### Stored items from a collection
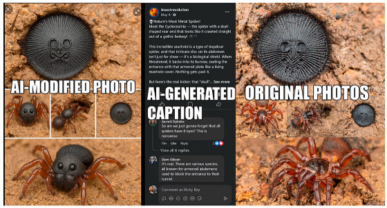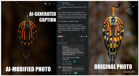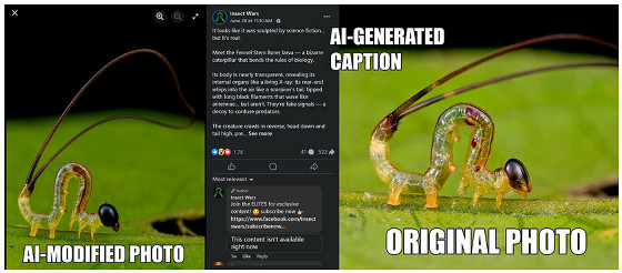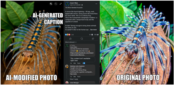 実際に生成AIユーザーが野生動物の写真を改変・再投稿した事例を示すため、ベイ氏は自身が撮影した写真と生成AIユーザーが再投稿した画像およびキャプションを並べ、複数紹介しています。ここから下にはさまざまな昆虫やムカデ、クモなどの写真を掲載しているため、苦手な人は注意して見てください。
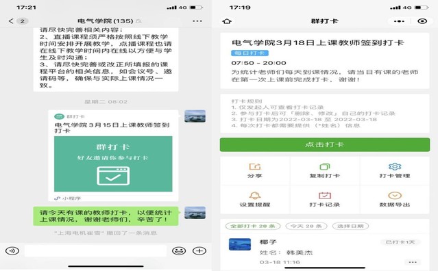 为提醒老师们线上上课时间,掌握教师授课情况,学院除安排督导巡课外,建立每日群打卡功能,统计每天教师到课情况,确保每一位教师都能按时、保质保量完成线上教学工作。
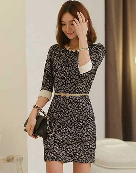 OL通勤款春季黑色蕾丝连衣裙
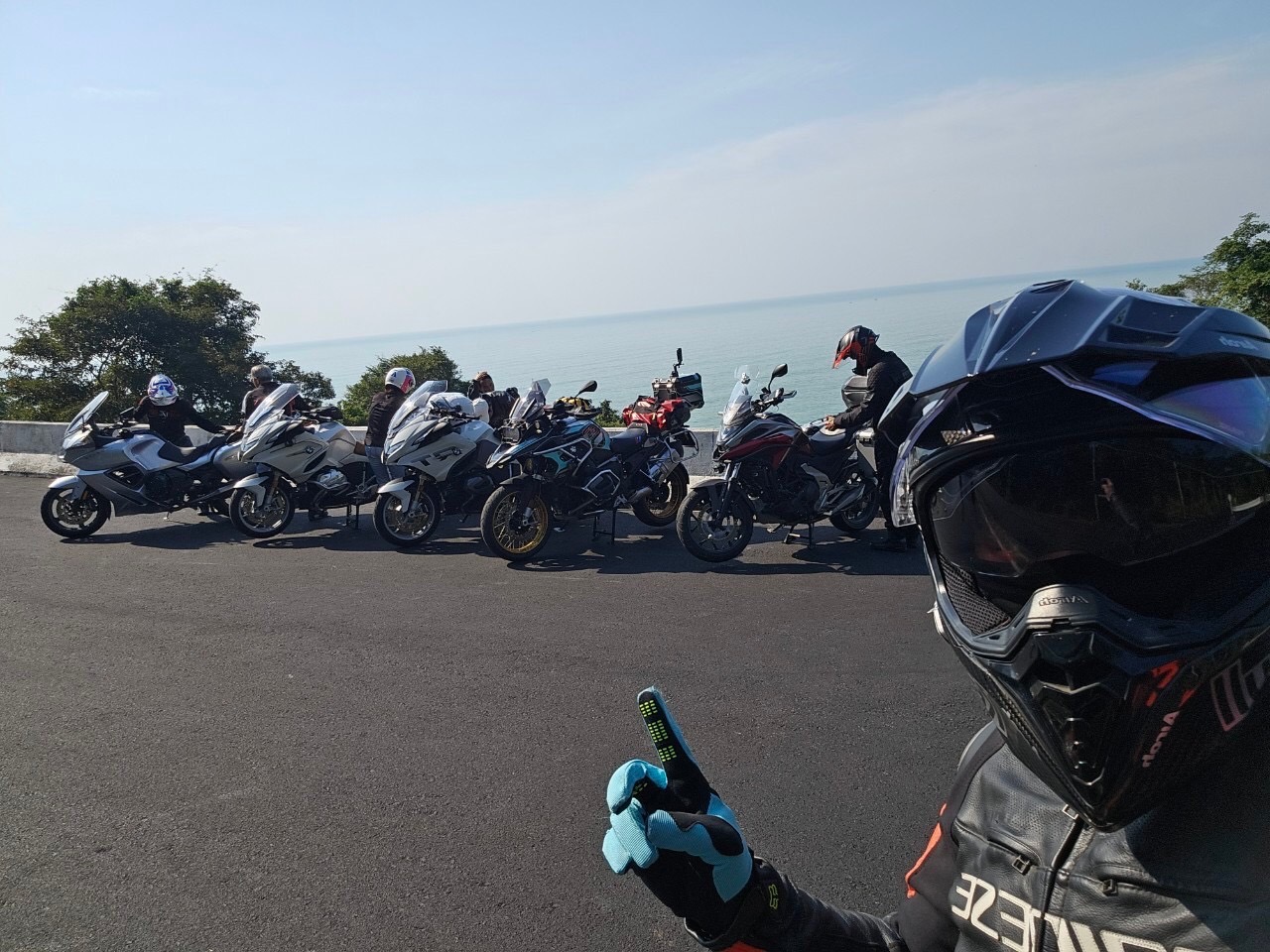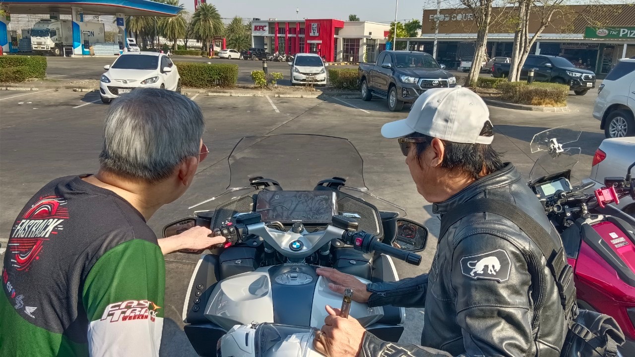 ถึงปั๊มปตท. วังมะนาว รอจนทุกคนมารวมตัวกันเรียบร้อย ก่อนออกสตาร์ทมุ่งสู่ อำเภอขนอม จังหวัดนครศรีธรรมราชจุดหมายของเราในวันแรก พี่จู๊ด หรือที่ผมเรียกแกเล่น ๆ จนติดปากว่าผู้กำกับ ที่มีทั้ง R 1250 RT และ R 1300 GS ก็เดินเข้ามาแนะนำระบบ พร้อมฟังก์ชั่นการใช้งานต่าง ๆ ที่ต้องบอกว่า R 1250 RT มีครบ ถึงครบมาก ไม่ว่าจะเป็นโช้คปรับไฟฟ้า Dynamic ESA ระบบความปลอดภัย Dynamic Traction Control DTC, ABS Pro, Hill Start Control Pro และ Dynamic Brake Assistant DBC ที่สำคัญคือมี Adaptive Cruise control ซึ่งเป็นระบบควบคุมความเร็วแบบรักษาระยะห่างอัตโนมัติด้วย เรียกว่ามีอะไรให้ลองเล่นเยอะเลยระหว่างทาง
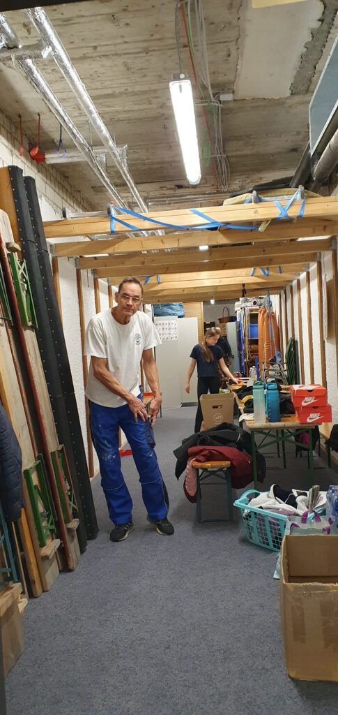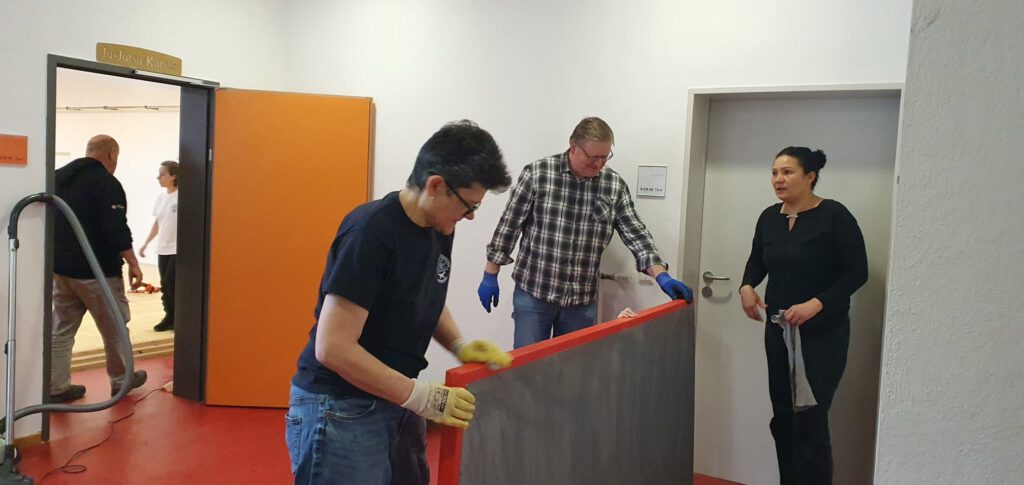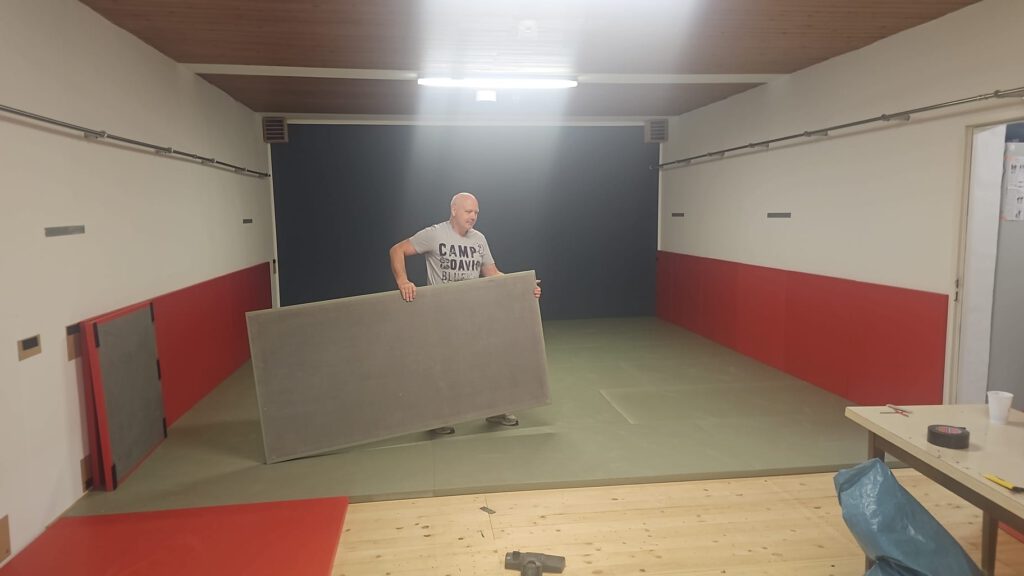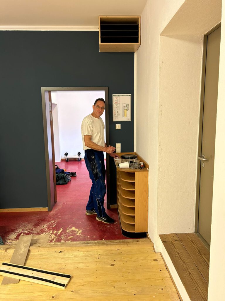 Bereits am Montag packten zahlreiche Helferinnen und Helfer tatkräftig an. Das Dojo wurde vollständig ausgeräumt, alte Mattenumrandungen demontiert und entsorgt sowie die Bodenmatten entfernt, gereinigt und vorbereitet. Zudem wurden Bilder und Schautafeln abgehängt, erste Spachtelarbeiten durchgeführt und die Umkleidekabine gründlich gereinigt. Ein besonderer Dank gilt hier unserem Malermeister Roland, der die Umkleidekabine noch am selben Tag fachgerecht gestrichen hat.
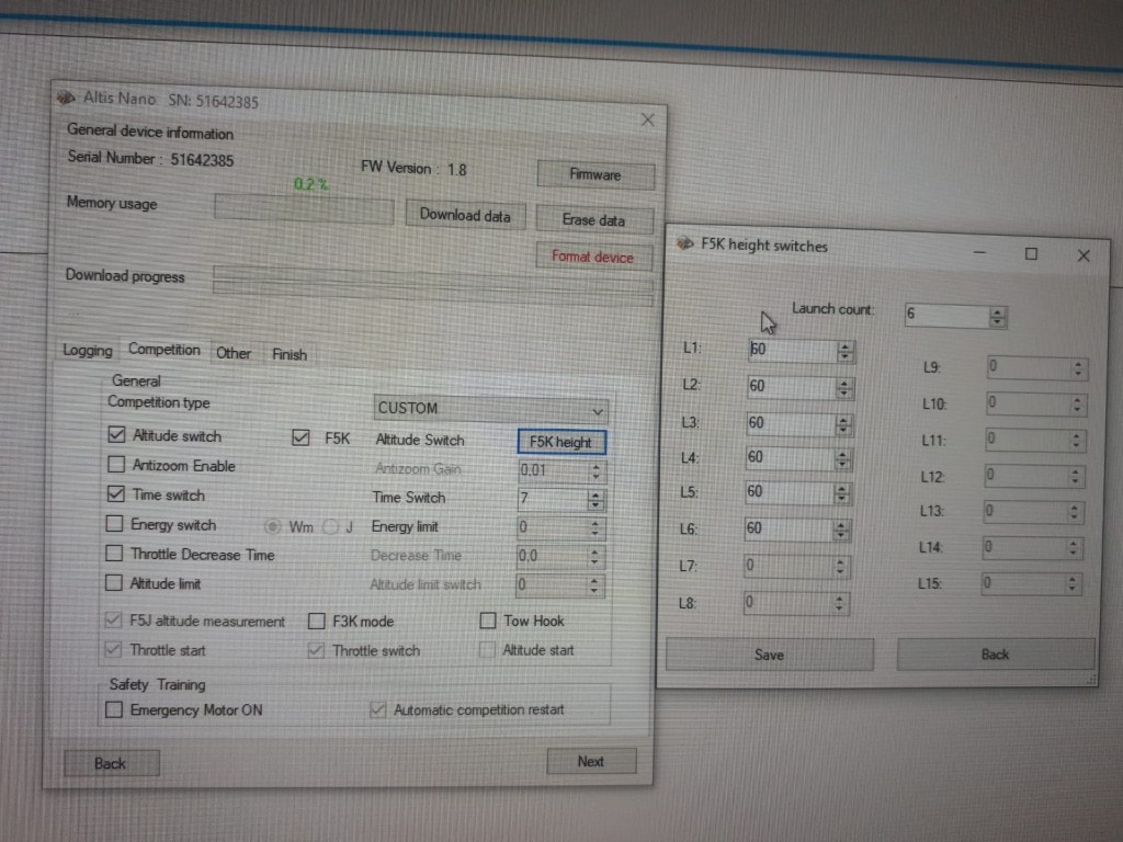 Las alturas de cada uno de los vuelos, en cada tarea son recogidas por el altímetro y es al final de la tarea cuando se anotan en las hojillas de puntuación. Por ahora, que sepamos el único altímetro preparado para esta modalidad es el Altis, en sus modelos V4 o Nano y el último FW para ello es el 1.8. Como en F5J, el altímetro hay que ‘activarlo’ en la zona asignada para el vuelo, en el suelo y en reposo. Es responsabilidad del piloto el funcionamiento correcto del altímetro y su parametrización.

### What the task requires
Using the data above, output the line that has "为提醒老师们线上上课时间,掌", the line that has "OL通勤款春季黑色蕾丝连衣裙", and whatever lines fall between, each exactly as it stands and without pictures.

### Your solution
 为提醒老师们线上上课时间,掌握教师授课情况,学院除安排督导巡课外,建立每日群打卡功能,统计每天教师到课情况,确保每一位教师都能按时、保质保量完成线上教学工作。
 OL通勤款春季黑色蕾丝连衣裙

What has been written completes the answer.